Abstract

The echocardiographic tricuspid annular plane systolic excursion/pulmonary artery systolic pressure (TAPSE/PASP) ratio is a non-invasive surrogate of right ventricular-pulmonary arterial (RV-PA) coupling which corresponds well with the respective invasively derived index. Recently, a wealth of observational data has arisen, outlining its prognostic value in heart failure (HF) patients. To systematically appraise and quantitatively synthesize the evidence of the prognostic value of TAPSE/PASP ratio in left-sided HF regardless of etiology or left ventricular ejection fraction. A systematic literature review was conducted in electronic databases to identify studies reporting the association of TAPSE/PASP ratio with outcomes in patients with HF and, when appropriate, a random-effects meta-analysis was conducted to quantify the unadjusted and adjusted hazard ratios [(a)HRs] for all-cause death and the composite outcome of all-cause death or HF hospitalization. Eighteen studies were deemed eligible encompassing 8,699 HF patients. The applied cut-off value for RV-PA uncoupling varied substantially from 0.27 to 0.58 mm/mmHg, and in most studies values lower than the applied cutoff conveyed dismal prognosis. Eleven studies reported appropriate data for meta-analysis.

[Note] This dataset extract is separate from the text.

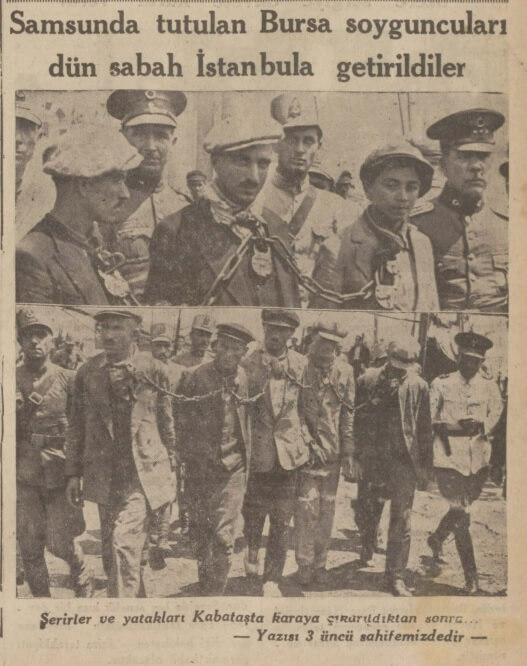 25 Temmuz 1933 tarihli Son Posta’da Orhaneli soyguncularının Kabataş İskelesi’ndeki boyunları zincirli fotoğrafıyla birlikte yakalanma süreçleri şöyle aktarılmıştı:

TAPSE/PASP reduction by 1 mm/mmHg was independently associated with all-cause death (pooled aHR=1.32 [1.06-1.65]; p=0.01; I2=56%) and the composite outcome (pooled aHR=3.48 [1.67-7.25]; p<0.001; I2=0%). When a TAPSE/PASP cutoff value of 0.36 mm/mmHg was applied it yielded independent association with all-cause death (pooled aHR=2.84 [2.22-3.64]; p<0.001; I2=82%). RV-PA coupling assessed by echocardiographic TAPSE/PASP ratio appears to be an independent outcome predictor for HF patients.